A displaced rhombic plate lies adjacent to the second dorsal fin spine. It features pore-less linear ornament running perpendicular to the long axis. It is considerably larger (2.5mm length x 5.5mm height) than the flank scales in the immediate vicinity, and is similar in form and ornament to the paired ventral ridge scutes of Guiyu preserved immediately posterior of the pelvic girdle [15].
Scales
Recognizing and documenting the considerable variation in scale morphology on a single fish is essential for future identification of isolated scales from conspecific or related forms [30,31,32,33]. In describing the squamation of palaeoniscoid-grade actinopterygians, Esin [30] devised a scheme where the postcranial surface was divided into nine zones of distinct scale morphology. This method has been successfully employed by others in the description of Devonian actinopterygians [23,24,31] and other early osteichthyans with a rhombic scale morphology [27,33].
Although the flank scales do not display as prominent a reduction in dorso-ventral height along the antero-posterior flanks (Areas A to C) as in early actinopterygians [23,24,25,31], Sparalepis displays a broadly similar pattern of scale-variability with distinct morphology present within the areas designated by Esin [30]. As a result, Esin’s scheme will be used in this description (Fig 5A). Scales from the caudal fin and peduncle (Esin’s Area D) are not preserved. About 30 diagonal scale columns lie in front of the first dorsal fin base, as distinct from 15 comparable scale columns in Guiyu (condition in Psarolepis is unknown). All scales exposed in visceral view (completely visible in the mid-posterior flank and partially visible on the anterior flank) display a thickened base, separated from the crown via a distinct neck (Fig 6) as in Psarolepis [27], Cheirolepis [34] and some acanthodians [27], but not in Guiyu. Dermal ornamentation on the crown consists of parallel rostro-caudally directed enamel ridges, usually separate but with variable degrees of anastomosing on larger scales (Fig 5). There are no pores, unlike the ornament on the appendicular girdles and dorsal ridge scutes. As in Psarolepis [27], the scales lack a bony depressed field with the crown almost fully covering the base in crown view (Fig 5D).
Area A: Scales from the anterior flank (Figs 5B, 5C and 6C) are rectangular with a dorso-ventral depth of up to 5 times the antero-posterior length (up to 1.5 mm long x 7.5 mm tall). The anterior margins are straight whereas the posterior margins of the crown are serrated by the terminal portions of the ridges. Where sections of the squamation are missing, negative impressions of the scale base reveal a well-developed keel (k) flanked by prominent ledges (l.a, l.p). An anterodorsal bulge (p, p.ad), likely homologous with the combined peg and anterodorsal process of the "subtype 1" scales of Psarolepis romeri [27], slots into a shallow ventral socket (s) of the dorsally adjacent scale.

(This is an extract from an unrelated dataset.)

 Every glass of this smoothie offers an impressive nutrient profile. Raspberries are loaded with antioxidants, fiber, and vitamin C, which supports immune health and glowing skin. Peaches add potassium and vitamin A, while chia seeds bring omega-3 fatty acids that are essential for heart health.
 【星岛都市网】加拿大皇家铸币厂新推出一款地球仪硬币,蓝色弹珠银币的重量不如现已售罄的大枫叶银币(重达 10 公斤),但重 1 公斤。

Each scale crown displays a prominent ventral bulge (vb) that slots into a pronounced concavity on the dorsal margin of the scale beneath it, effectively forming an interlocking dermal series of ventral ‘pegs’ and dorsal ‘sockets’. Scales partly out of articulation reveal a smooth surface (oa.vb) to accommodate the ventral bulge of the scale above it (Fig 5C) and reveal considerable overlap of the scale crowns. The anterior scales of Sparalepis thus possess separate dorso-ventral interlocking surfaces on the bases and the crowns (Fig 6C). The dermal articulations terminate at the 12th scale row which is considered to be the transition zone with area B.
Area B: The scales on the mid-flank (Fig 5D) are of similar proportions to those of area A (up to 1.5mm long x 7mm tall) with the dorsoventral dimensions becoming gradually shorter down the length of the body. The crowns possess straight dorsal and ventral margins without the pronounced dorso-ventral interlocking surfaces of their anterior counterparts.

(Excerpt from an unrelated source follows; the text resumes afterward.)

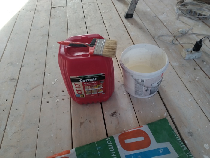 перво наперво всю стену покрыл грунтовкой с песком (церезит какой то)

Area C: Scales from the posterior flank (aft of the approximate level of the 2nd dorsal fin spine) are only preserved in basal view (Fig 6A and 6B). They are rectangular with a height of about 4 times the length (up to 1.2 mm long x 4.5mm tall). The base is thickened with a prominent keel wedged between the anterior and posterior ledges. The dorsal pegs and the articulating ventral sockets are broad, low and gently rounded. The anterodorsal process is large and club-shaped, underlying (in visceral view) the dorsal-most surface of the posterior ledge of the scale in front (Fig 6A and 6B).

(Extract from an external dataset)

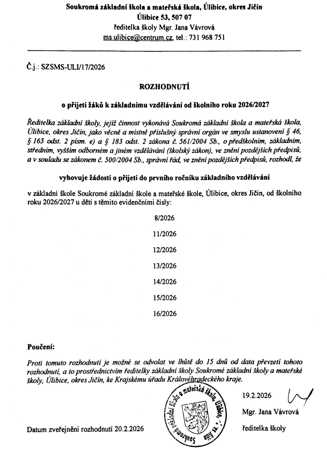 Informace o přijetí do školy bude zveřejněna pod registračním číslem na webových stránkách školy a na vchodových dveřích do 30 dnů.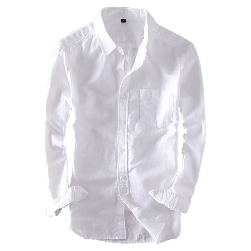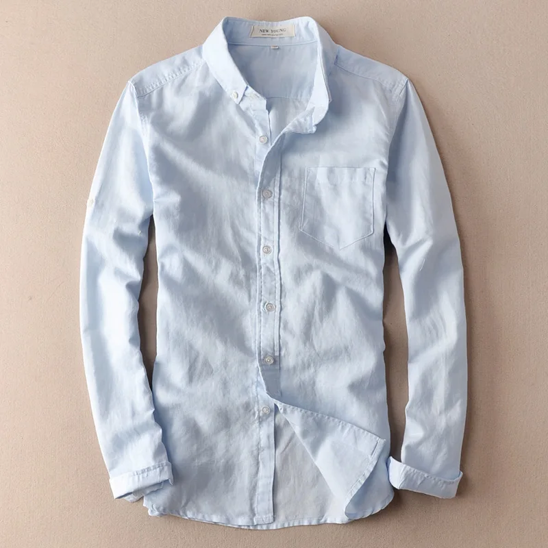 Рубашка мужская с длинным рукавом, элегантная блуза из хлопка и льна, приталенная сорочка с отложным воротником, свободная Мягкая дышащая одежда, S-XXXL

Area E: Area E (Fig 5E) comprises the scales on the dorsal surface anterior of the 2nd dorsal spine. At the transition zone with the flanks, the scales are rectangular with a height-length ratio of 3 to 3.5. There is a marked reduction in scale height with each ascending horizontal scale row. Scales adjacent to the median ridge scutes are rhombic with a roughly equal height to length ratio.
Area F: Scales on the lateral margins of the belly area are rectangular and drastically shorter (dorsoventrally) than the adjacent Area A-B scales with a dorso-ventral depth of twice the antero-posterior length. They lack the pronounced dorsal concavities of the adjacent Area A scales. Ventral to this, the scales are smaller and rhombic in shape, with a depth of about half the length.
Area G: Closely packed minute diamond-shaped scales, 1 mm in length and ornamented with one or two short ridges, are preserved immediately adjacent to the trailing edge of the 2nd dorsal fin spine (Fig 6A). Additional scales in basal view are preserved in association with the Area C scales. The keel on these scales is considerably broader and more prominent than on the adjacent flank squamation while the peg and anterodorsal process are greatly reduced.
Area H: Scales from the posterior dorsal surface (Fig 6A) are preserved in basal view. They are similar to the Area G scales in being diamond shaped, lacking prominent peg or anterodorsal process and in having a greatly enlarged keel.
The presence of a distinctly palaeoniscoid-like arrangement of scale variability in non-actinopterygian osteichthyans like Sparalepis and Andreolepis [33] suggests that this type of squamation is plesiomorphic within crown-group Osteichthyes. Guiyu [8] displays a broadly similar configuration although the squamation of this taxon has yet to be described in detail.
Discussion
Phylogenetic results
The discovery of Sparalepis provides a second taxon of Silurian osteichthyan, along with Guiyu, known from a substantial portion of the skeleton (Fig 7). To explore the phylogenetic position of Sparalepis, we conducted phylogenetic analyses using the dataset presented by Qiao et al. [35] with the addition of character 336: “Relationship of crown and base of isolated trunk scale: crown fully covering the base (0); crown sitting on the bony base, with an exposed depressed field overlapped by adjacent scale in articulation (1)”. This dataset (S1 Text and S1 Dataset) was modified from that of Long et al. [36], which was in turn expanded and modified from previous analyses [8,37,38,39], and further expanded from Giles et al. [40], Brazeau and de Winter [41], and Lu et al. [42]. The character data entry and formatting were performed in Mesquite (version 2.5) [43]. All characters were treated as unordered and weighted equally, as in the earlier versions of this dataset.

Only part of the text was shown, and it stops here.